USA-Experte: Präsident Biden gläubiger und praktizierender Katholik
Mit dem Demokraten Joe Biden zieht ein gläubiger und praktizierender Katholik ins Weiße Haus ein. Das betont der Salzburger Religionswissenschaftler und stellvertretende Direktor des Salzburger Bildungswerks, Andreas Weiß, in der aktuellen Ausgabe der Wiener Kirchenzeitung "Der Sonntag". Biden stehe mit beiden Beinen in einer sehr fest verankerten Katholizität, die sich auch in einem regelmäßigen Messbesuch niederschlägt. "Bei Trump war es ein politischer symbolischer Messianismus, in den er sich selbst getaucht hat, bei Biden ist es eine Konstante in seinem Leben", so Weiß.

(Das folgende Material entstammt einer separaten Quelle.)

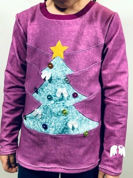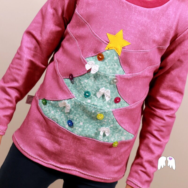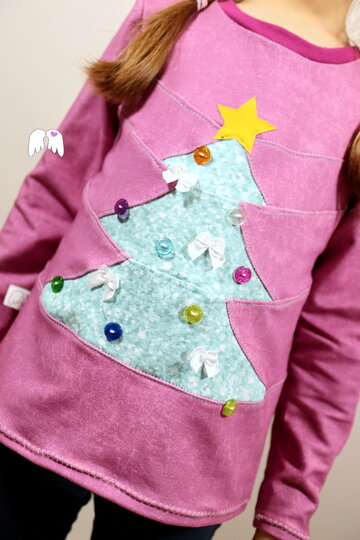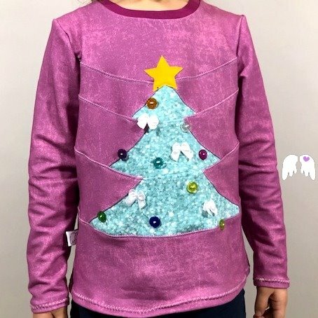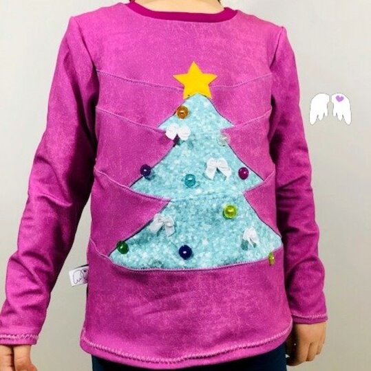 Ein Shirt / Pullover, lässig geschnitten mit einer Tannenbaum-Unterteilung. Ja, du hast richtig gelesen: das Shirt kannst du als Tannenbaum unterteilen – und kannst ihn danach sogar schmücken wie du magst =) . Ob mit Knöpfen, Bändern, Borten, Schleifchen oder Applikationen – zaubere dir deinen Traum-Tannenbaum aufs Shirt!
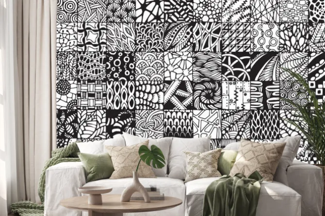 Naklejka: Tekstury z czarno-białych kwadratów malowane w stylu zentangl

Biden habe nie ein großes Aufsehen darum gemacht, "aber während seiner gesamten politischen Laufbahn seinen katholischen Glauben praktisch sehr aktiv gelebt. Er hat auch nur sehr wenige Gottesdienste verpasst."
Trotzdem: Katholiken hätten Biden laut Nachwahl-Untersuchungen mit nur 52 zu 48 Prozent Trump vorgezogen. "Man sieht der religionspolitische Diskurs hat sich in den USA verändert", analysierte Weiß. So würden viele katholische Anhänger des abgewählten Präsidenten Trump Bidens Glauben wegen dessen Haltung zu Schwangerschaftsabbrüchen, "Homo-Ehe" und anderen kulturellen Streitthemen infrage stellen.
Knapp 28 Prozent der 330 Millionen US-Amerikaner seien "religiös nicht mehr gebunden", erläuterte Weiß. Das bedeute aber nicht, "dass diese nicht mehr gläubig sind, aber sie funktionieren in ihrem Wahlverhalten völlig anders als institutionell gebundene Christen. Da stehen die Demokraten Bidens auch vor einer Richtungsentscheidung".
Vor sechs Jahrzehnten zog mit John F. Kennedy der erste Katholik in das Weiße Haus ein, aber, so Weiß: "Kennedy war bemüht Religiosität und Politik voneinander zu trennen." Heute sei, so Weiß "die katholische Kirche in den USA fragmentiert, "sie polarisiert zwischen einem liberalen und einem konservativen Flügel". Zwischen diesen Richtungen befände sich der neue Präsident Biden zum Beispiel beim heiklen Thema Abtreibung. Eine Frage, die in den letzten Jahrzehnten zu einem Brennpunkt in der religionspolitischen Landschaft der USA geworden ist, so Weiß.
Papst und US-Präsident
Weiß verwies weiters auf Parallelen zwischen Biden und Papst Franziskus, beide hätten auch bereits miteinander telefoniert. Beide wollten sich bei den Themen Klimaschutz und soziale Gerechtigkeit zusammenspannen. Weiß: "Beim Klimawandel gibt es sicher frappierende Parallelen von Biden und Papst Franziskus. Es ist zu erwarten, dass Biden vor allem jene Entscheidungen, die Vorgänger Trump auch im Alleingang und vorschnell gemacht hat, also den Ausstieg aus der WHO, jenen aus dem Pariser Klimabündnis, sehr schnell rückgängig machen wird".
Und die ersten Personalentscheidungen Bidens zeigten, "dass er in Sachen Diversität die Regierungsämter vorantreiben wird. Das ist auch für die Katholiken in den USA etwas völlig Neues", so Weiß. Dazu passe auch eine Entscheidung von Papst Franziskus vom vergangenen Herbst. Mit Wilton Gregory sei der erste schwarze Erzbischof von Washington in den Rang eines Kardinals erhoben worden.
Weiß absolvierte einige Forschungsaufenthalte in den USA und ist Mitglied der "American Academy of Religion".